(WHAT TO DO)
Among the entries below, the lines from the one with "エピソードは深夜に公開される" up to and including the one with "アウトドア BBQ ブラウン" are to be restated exactly, without pictures.

(DATA SUPPLIED)
----------------------------------------
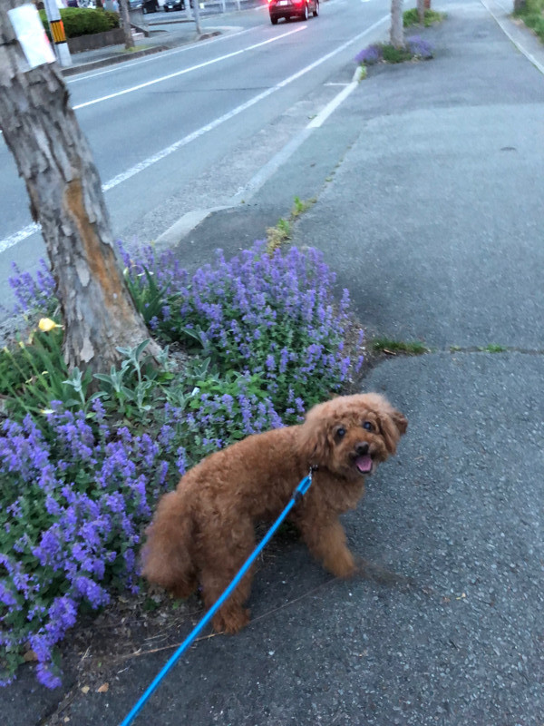 お散歩中、おトイレもバッチリしてくれて、夜に少しだけパンを食べました!🍞
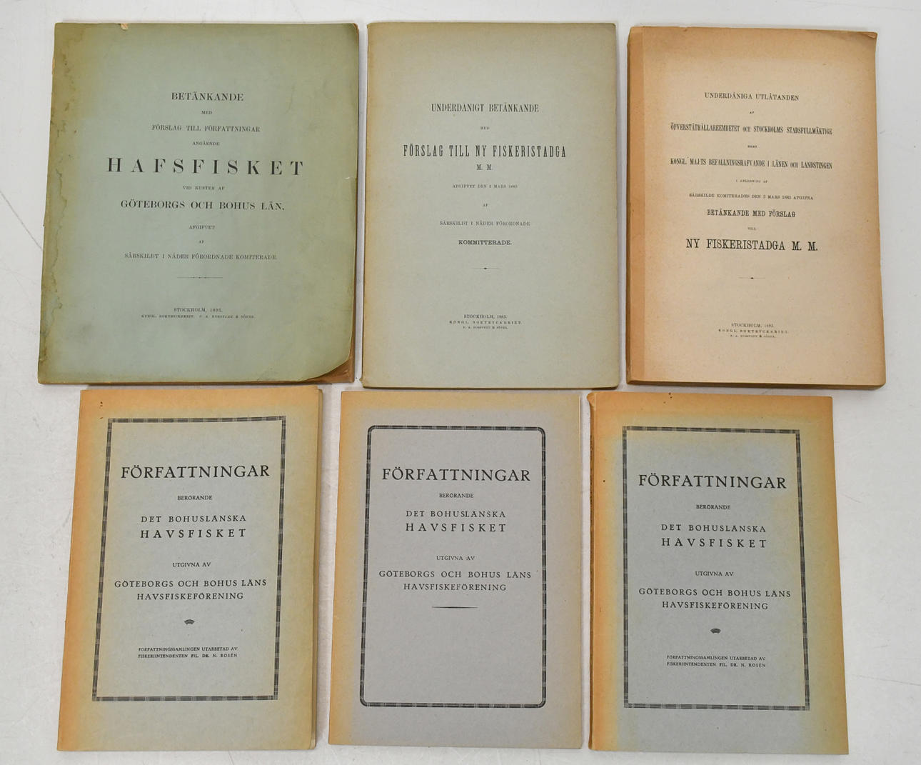 - 2 veces los estatutos sobre la pesca marítima de Bohuslän emitidos por la Asociación de Pesca Marítima de los Condados de Gotemburgo y Bohus, Dr. N. Rosen.
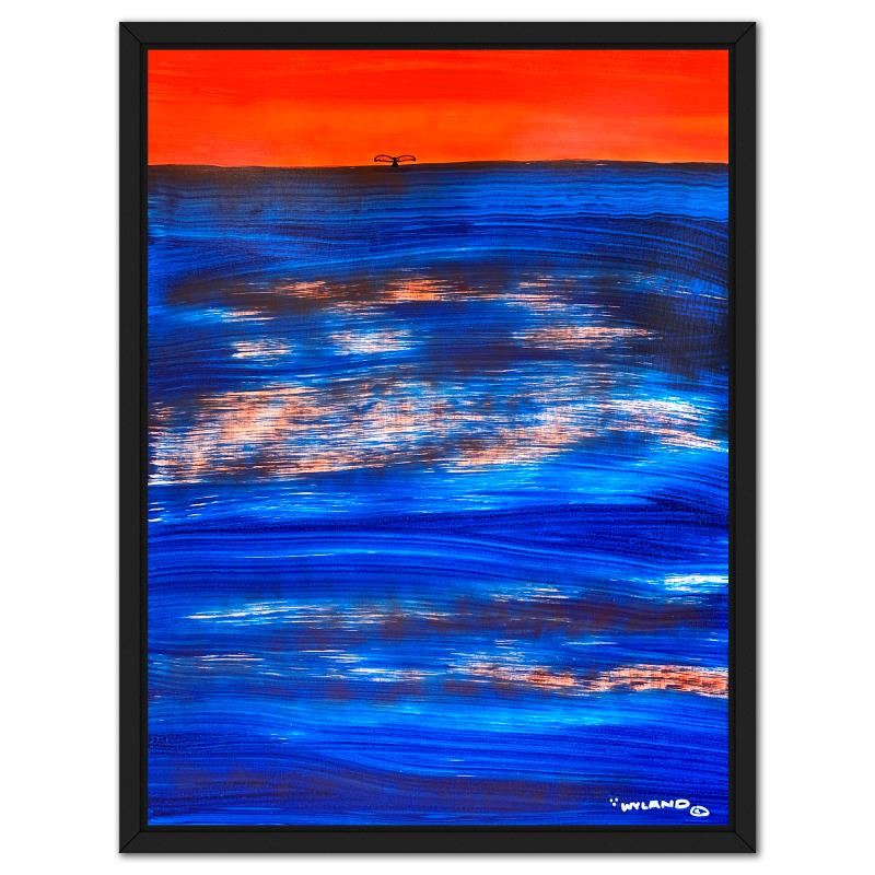 "Whale Tail"is an original acrylic painting on canvas by Wyland, hand signed by the artist. This piece comes custom framed. Includes Letter of Authenticity. Measures approx. 46" x 36" (frame), 43" x 33" (image). This item requires special handling and may have a longer than usual turnaround.
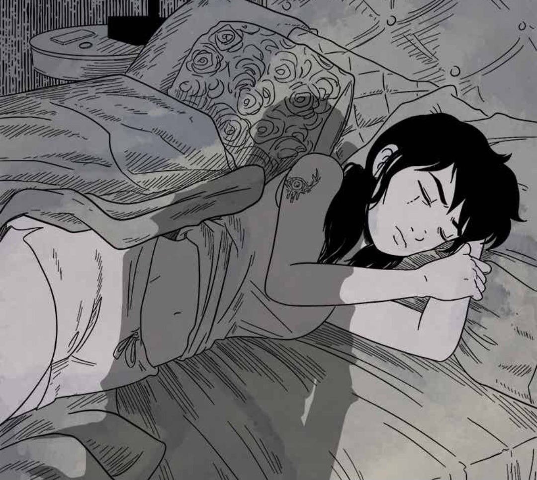 エピソードは深夜に公開されるため、多くの人は暗い中で読むか、ほとんど暗い中で読むだろうと言うでしょう。このシリーズの雨樋はすべて黒でしたので、それを見てみると、部屋は暗く、部屋は暗く、画像も暗く、ベッドで寝ている彼女のパネルが描かれています。すると廊下からその人が入ってくる。
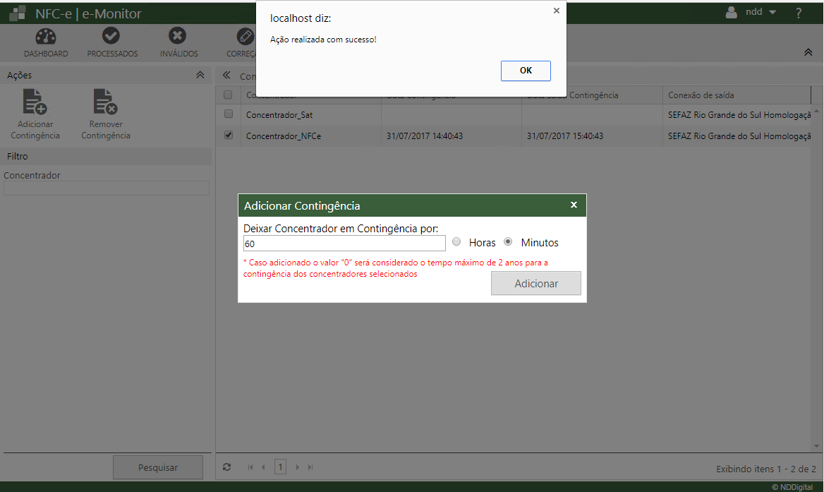 •Será apresentado uma tela para que seja informado o período que o concentrador ficará em contingência, podendo ser em minutos ou horas
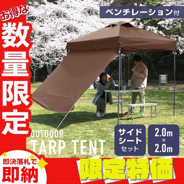 > 【限定セール】サイドシート付 タープテント 2m ベンチレーション 収納ケース 撥水 スチールフレーム UVカット アウトドア BBQ ブラウン
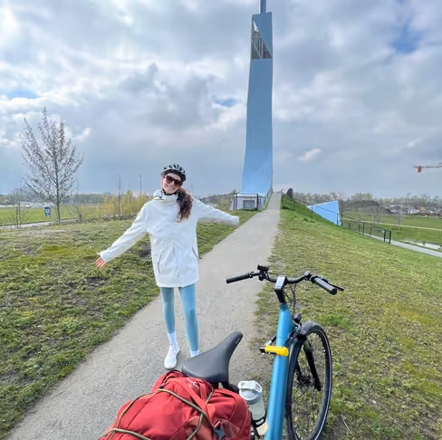 We set off from Conscious Hotels Westerpark at 10am, after a good-night’s sleep and a filling breakfast. Having fit all of our stuff into just one backpack and two large panniers (or saddlebags) each, we were surprised by how well the bike supported the weight, how secure our bags felt on the back, and just how easy it was for us to pedal with the cycle assist only on level one! We used two bungee cords each to secure our backpacks to the back rack, and we’ve included a full packing list below for a full listing of everything we brought on the trip!
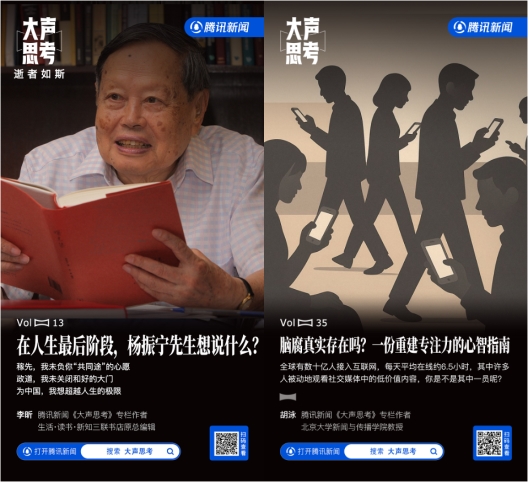 带着这样的想法,腾讯新闻在2025年11月上线了一档全新专栏「大声思考」,汇聚“思考者”们,提炼具有解释力与启发性的观念或观点,并以专业而不失可读性的方式传递出来,让思考被看见、被讨论、被记住、被启发。
----------------------------------------
(REPLY)
 エピソードは深夜に公開されるため、多くの人は暗い中で読むか、ほとんど暗い中で読むだろうと言うでしょう。このシリーズの雨樋はすべて黒でしたので、それを見てみると、部屋は暗く、部屋は暗く、画像も暗く、ベッドで寝ている彼女のパネルが描かれています。すると廊下からその人が入ってくる。
 •Será apresentado uma tela para que seja informado o período que o concentrador ficará em contingência, podendo ser em minutos ou horas
 > 【限定セール】サイドシート付 タープテント 2m ベンチレーション 収納ケース 撥水 スチールフレーム UVカット アウトドア BBQ ブラウン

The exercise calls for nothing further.